Liberation From Mechanical Ventilation in Critically Ill Adults: An Official American College of Chest Physicians/American Thoracic Society Clinical Practice Guideline: Inspiratory Pressure Augmentation During Spontaneous Breathing Trials, Protocols Minimizing Sedation, and Noninvasive Ventilation Immediately After Extubation.

Background An update of evidence‐based guidelines concerning liberation from mechanical ventilation is needed as new evidence has become available. The American College of Chest Physicians (CHEST) and the American Thoracic Society (ATS) have collaborated to provide recommendations to clinicians concerning liberation from the ventilator. Methods Comprehensive evidence syntheses, including meta‐analyses, were performed to summarize all available evidence relevant to the guideline panel’s questions. The evidence was appraised using the Grading of Recommendations, Assessment, Development, and Evaluation (GRADE) approach, and the results were summarized in evidence profiles. The evidence syntheses were discussed and recommendations developed and approved by a multidisciplinary committee of experts in mechanical ventilation. Results Recommendations for three population, intervention, comparator, outcome (PICO) questions concerning ventilator liberation are presented in this document. The guideline panel considered the balance of desirable (benefits) and undesirable (burdens, adverse effects, costs) consequences, quality of evidence, feasibility, and acceptability of various interventions with respect to the selected questions. Conditional (weak) recommendations were made to use inspiratory pressure augmentation in the initial spontaneous breathing trial (SBT) and to use protocols to minimize sedation for patients ventilated for more than 24 h.
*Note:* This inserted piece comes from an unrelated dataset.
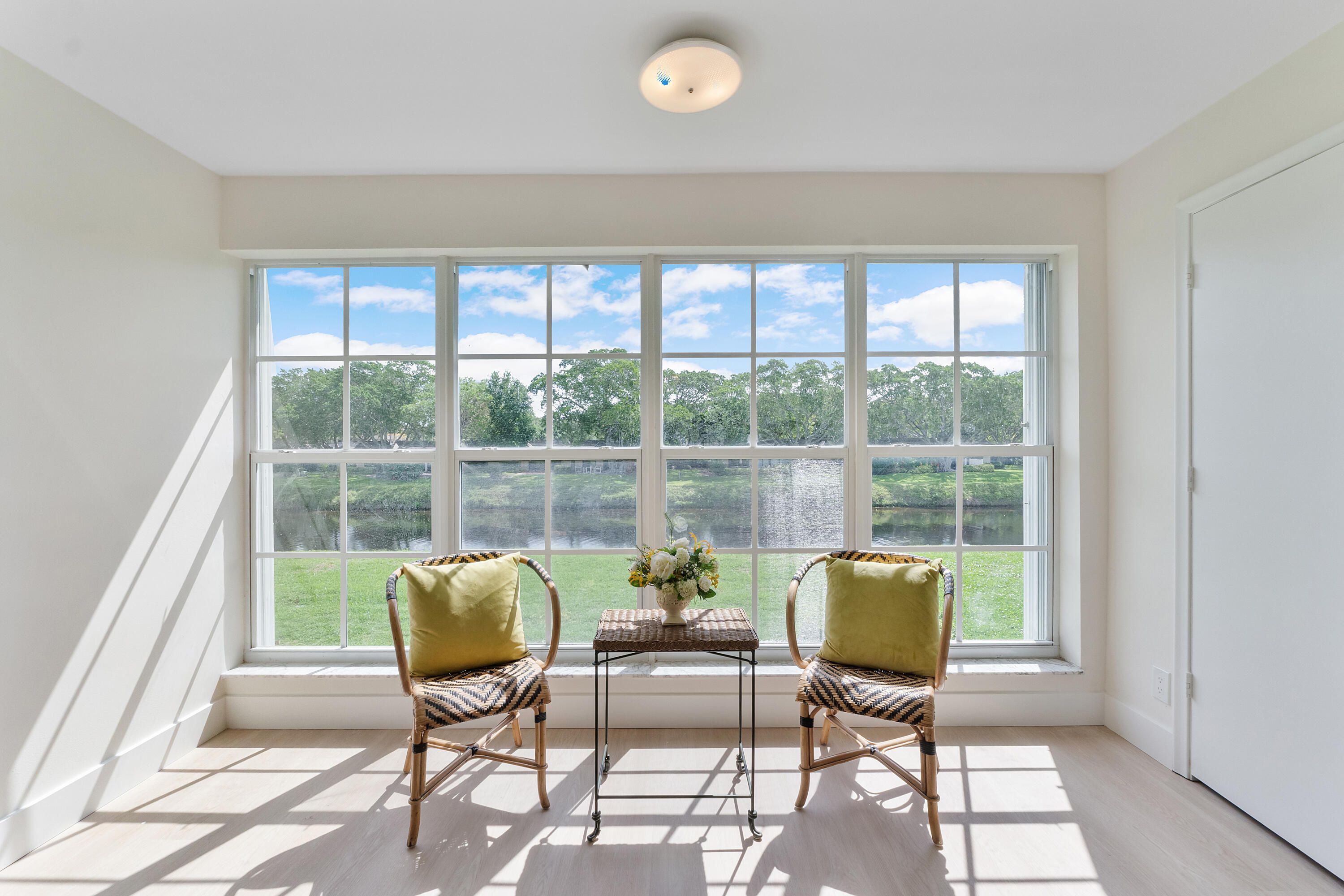 Sunny light completely remodeled waterfront..navigable canal view that will delight you with glorious morning sunrises..A corner apartment with extra windows and cross ventilation...blond wood floors throughout.Sophisticated appliances to delight the user. Vey active friendly senior community that will attract you to the many amenities and clubs . A fiscally sound community with full reserves.Be close to bustling Atlantic Avenue and 5 supermarkets within one mile..other large stores within i mile. Frolic at the beach only 2 miles away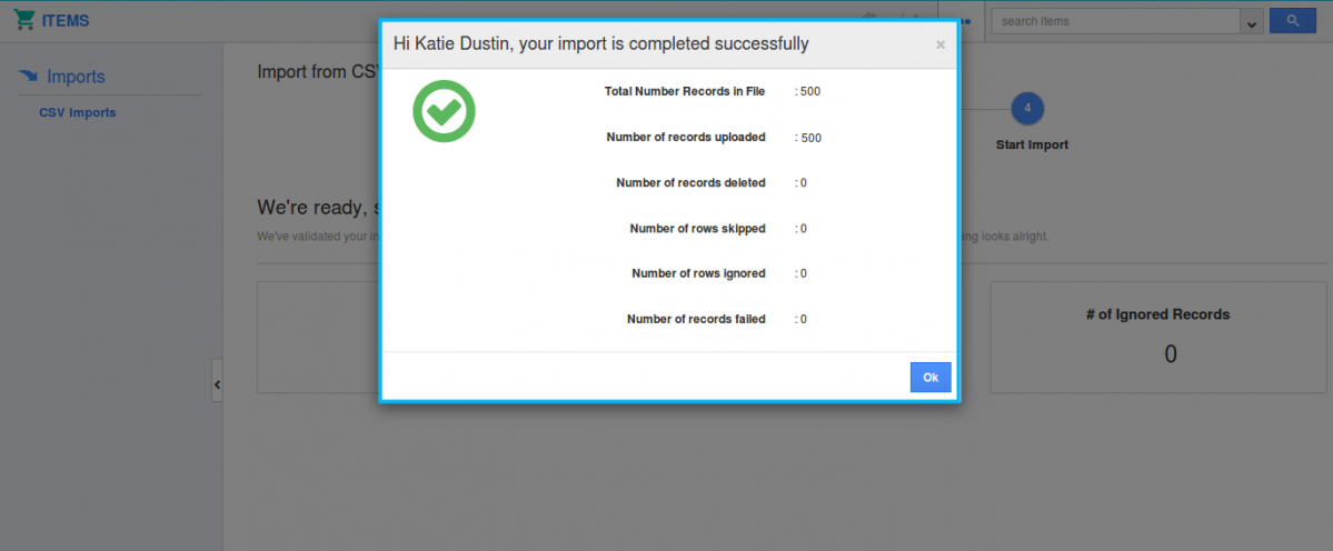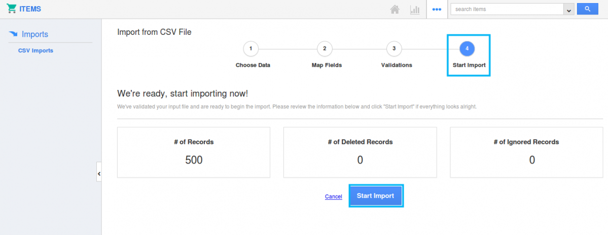 - Finally the page will show number of #of Records, #deleted records and #of ignored records and click on “Start Import”.

A strong recommendation was made to use preventive noninvasive ventilation (NIV) for high‐risk patients ventilated for more than 24 h immediately after extubation to improve selected outcomes. The recommendations were limited by the quality of the available evidence. Conclusions The guideline panel provided recommendations for inspiratory pressure augmentation during an initial SBT, protocols minimizing sedation, and preventative NIV, in relation to ventilator liberation.